本教程将使用 Jupyter notebook 作为编辑器。

让我们开始吧！

安装 NumPy

如果你已经装有 Anaconda，那么你可以使用以下命令通过终端或命令提示符安装 NumPy：

conda install numpy

如果你没有 Anaconda，那么你可以使用以下命令从终端上安装 NumPy：

pip install numpy

安装好 NumPy 后，你就可以启动 Jupyter notebook 开始学习了。接下来从 NumPy 数组开始。

NumPy 数组

NumPy 数组是包含相同类型值的网格。NumPy 数组有两种形式：向量和矩阵。严格地讲，向量是一维数组，矩阵是多维数组。在某些情况下，矩阵只有一行或一列。

首先将 NumPy 导入 Jupyter notebook：

import numpy as np

从 Python 列表中创建 NumPy 数组

我们先创建一个 Python 列表：

my_list = [1, 2, 3, 4, 5]

通过这个列表，我们可以简单地创建一个名为 my_numpy_list 的 NumPy 数组，显示结果：

my_numpy_list = np.array(my_list)
my_numpy_list  #This line show the result of the array generated

刚才我们将一个 Python 列表转换成一维数组。
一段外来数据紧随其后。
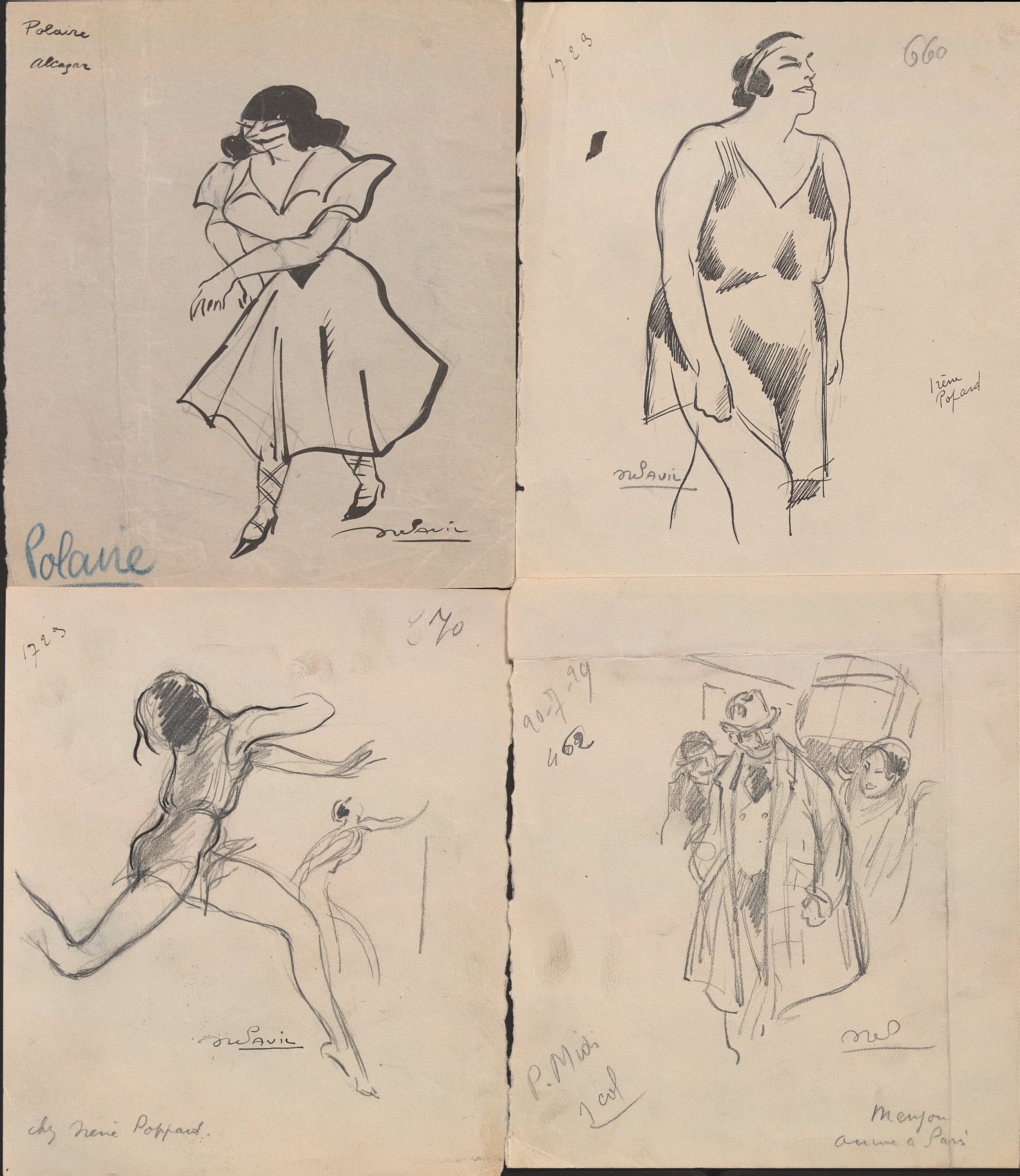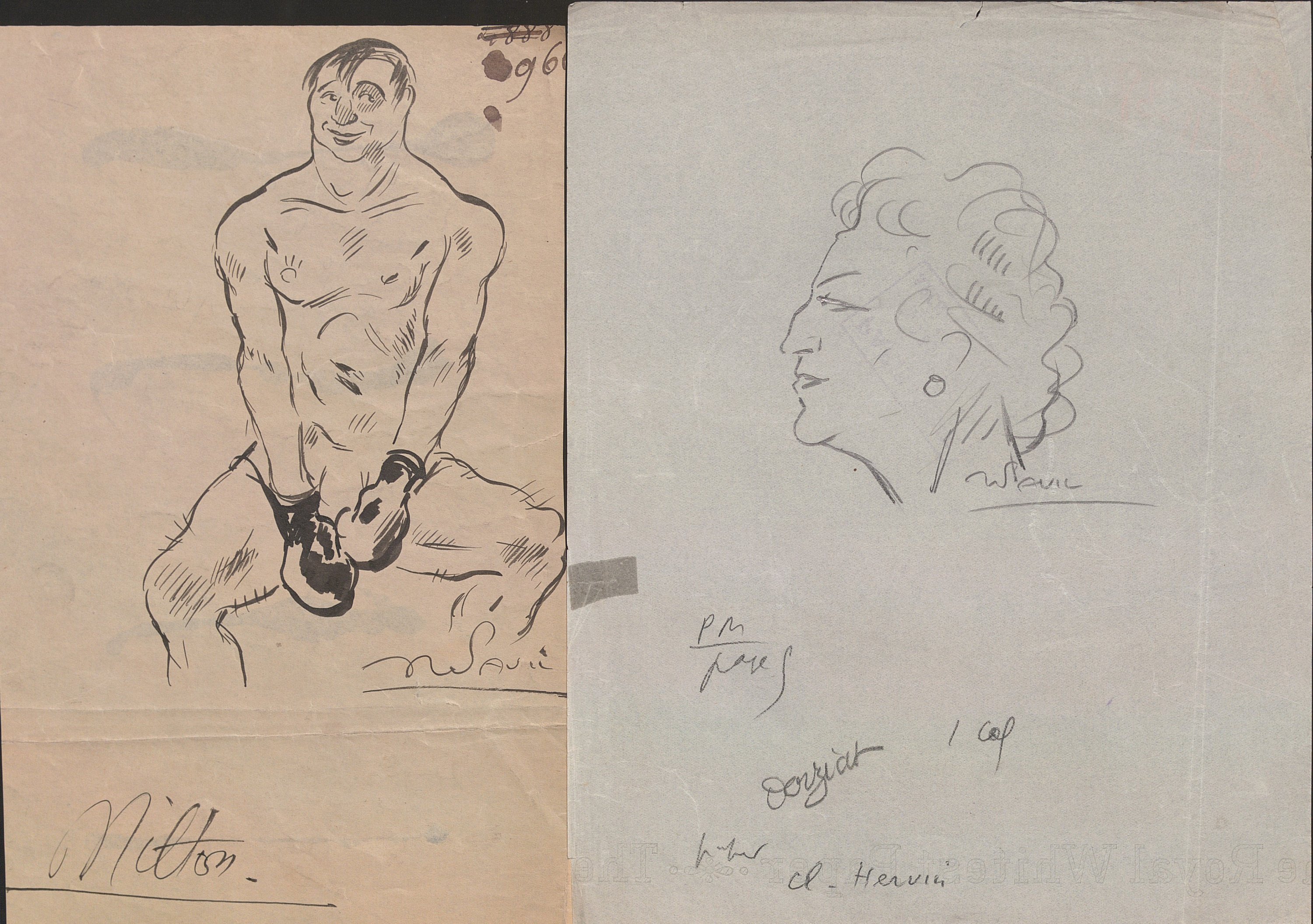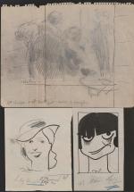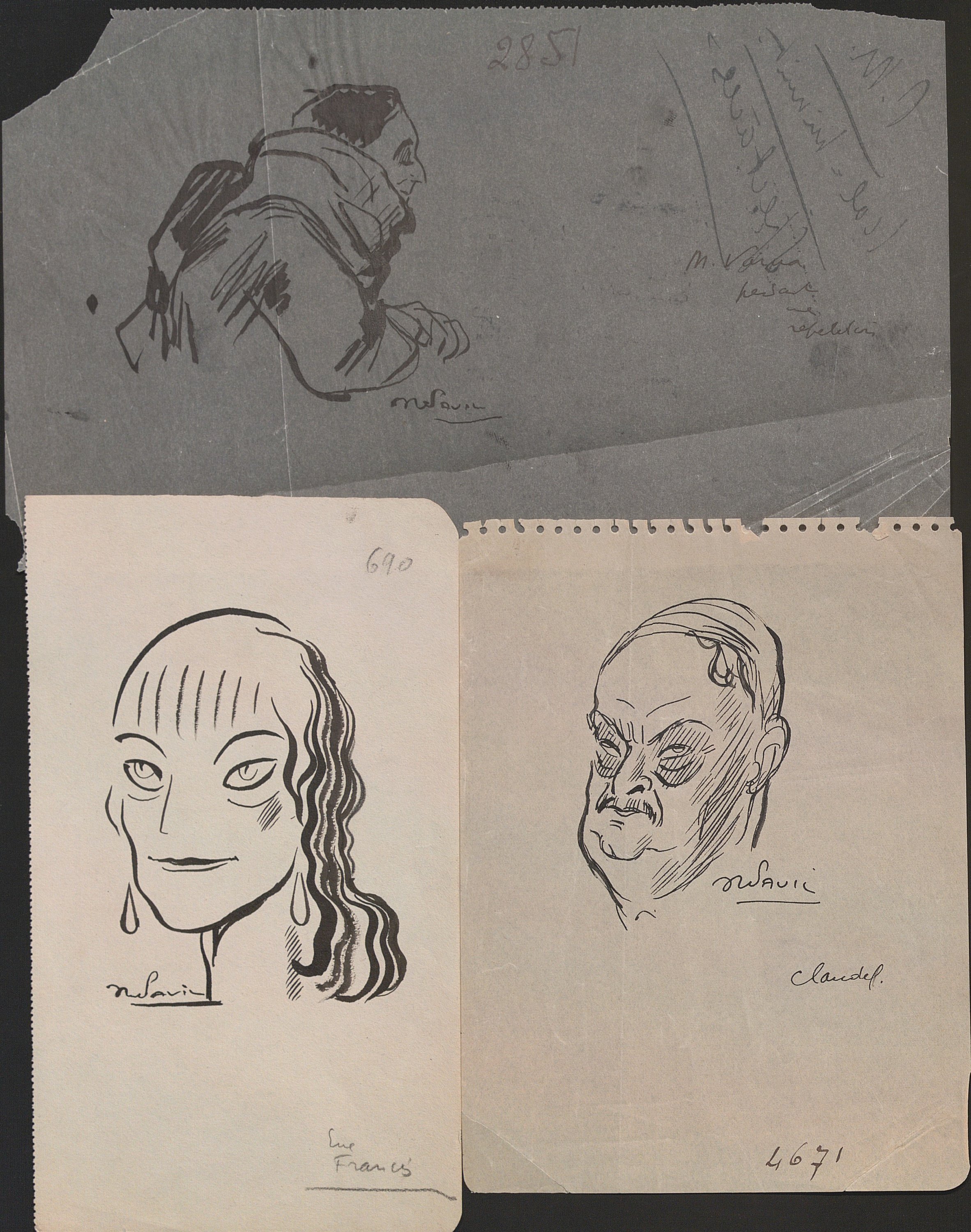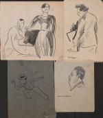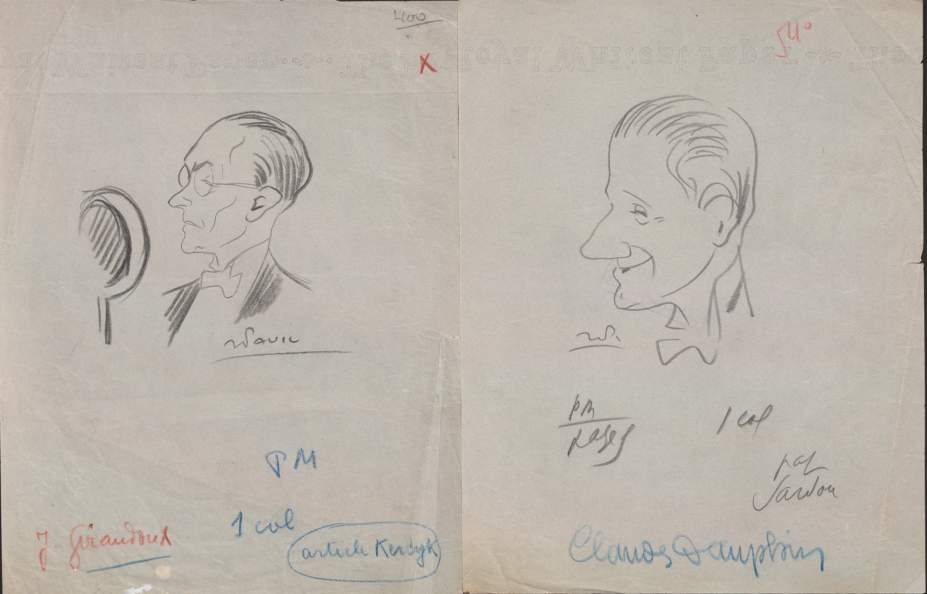 Portraits de personnalités, encre de chine et crayon, sur papier et calque, en majorité signés, formats divers, destinés à être publiés à la rubrique Les Spectacles du journal quotidien Paris-midi.
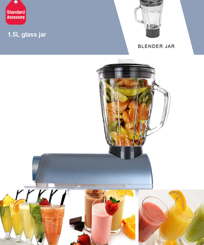 * Equipped with five accessories including wire whip, C-shape dough hook, Y-shape flat beater, 1.5L glass jar, meat grinder and pouring shield offering mixing versatility to blend, beat, whip,knead, mix eggs or cream.
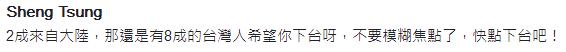 還有網友表示,就算2成來自大陸,那還有8成臺灣人希望你下臺!
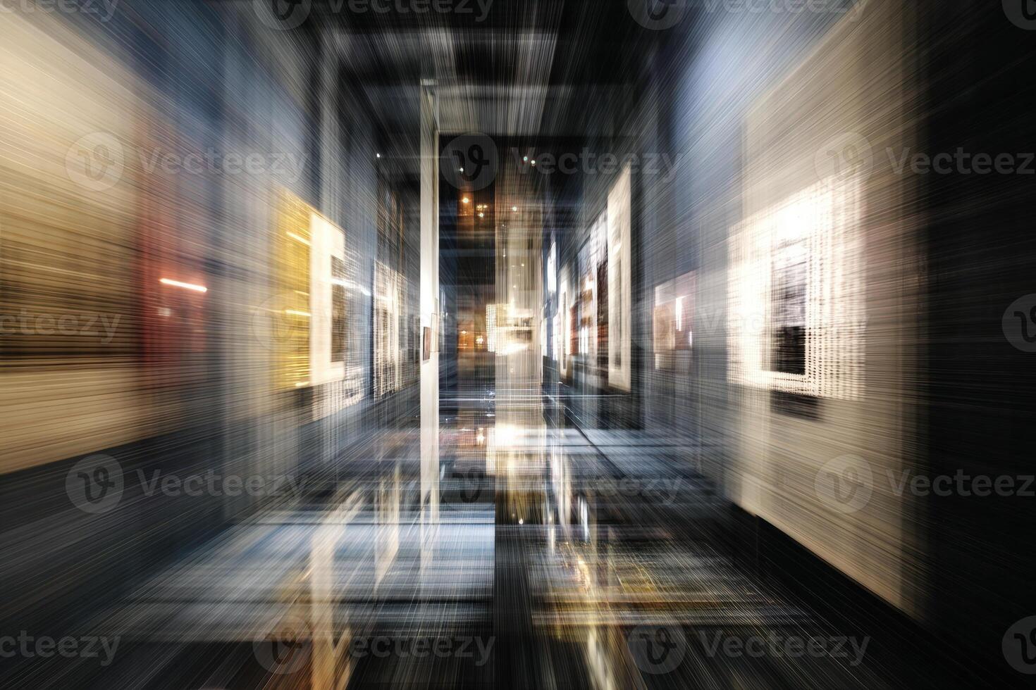 Dynamic motion blur effect in a corridor filled with illuminated artworks. The blurred lines create a sense of speed and modernity, enhancing the visual intensity Pro Photo
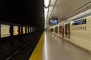 Lansdowne is a subway station on Line 2 Bloor–Danforth of the Toronto subway in Toronto, Ontario, Canada. The main station entrance is located just north of Bloor Street on Lansdowne Avenue, with a secondary unstaffed entrance on Emerson Avenue. Opened in 1966, the station lies approximately 561 metres (1,842 feet) from its nearest station to the west, Dundas West.[2] The station is in the Dovercourt-Wallace Emerson-Junction neighbourhood on the edge of the Bloordale Village strip. Wi-Fi service is available at this station.[3]

要想得到二维数组，我们要创建一个元素为列表的列表，如下所示：

second_list = [[1,2,3], [5,4,1], [3,6,7]]
new_2d_arr = np.array(second_list)
new_2d_arr  #This line show the result of the array generated

我们已经成功创建了一个有 3 行 3 列的二维数组。

使用 arange() 内置函数创建 NumPy 数组

与 Python 的 range() 内置函数相似，我们可以用 arange() 创建一个 NumPy 数组。

my_list = np.arange(10)
#OR
my_list = np.arange(0,10)

这产生了 0~10 的十个数字。

要注意的是 arange() 函数中有三个参数。第三个参数表示步长。例如，要得到 0~10 中的偶数，只需要将步长设置为 2 就可以了，如下所示：

my_list = np.arange(0,11,2)

还可以创建有 7 个 0 的一维数组：

my_zeros = np.zeros(7)

也可以创建有 5 个 1 的一维数组：

my_ones = np.ones(5)

同样，我们可以生成内容都为 0 的 3 行 5 列二维数组：

two_d = np.zeros((3,5))

使用 linspace() 内置函数创建 NumPy 数组

linspace() 函数返回的数字都具有指定的间隔。也就是说，如果我们想要 1 到 3 中间隔相等的 15 个点，我们只需使用以下命令：

lin_arr = np.linspace(1, 3, 15)

该命令可生成一维向量。

与 arange() 函数不同，linspace() 的第三个参数是要创建的数据点数量。

在 NumPy 中创建一个恒等矩阵

处理线性代数时，恒等矩阵是非常有用的。一般而言，恒等矩阵是一个二维方矩阵，也就是说在这个矩阵中列数与行数相等。有一点要注意的是，恒等矩阵的对角线都是 1，其他的都是 0。恒等矩阵一般只有一个参数，下述命令说明了要如何创建恒等矩阵：

my_matrx = np.eye(6)    #6 is the number of columns/rows you want

用 NumPy 创建一个随机数组成的数组

我们可以使用 rand()、randn() 或 randint() 函数生成一个随机数组成的数组。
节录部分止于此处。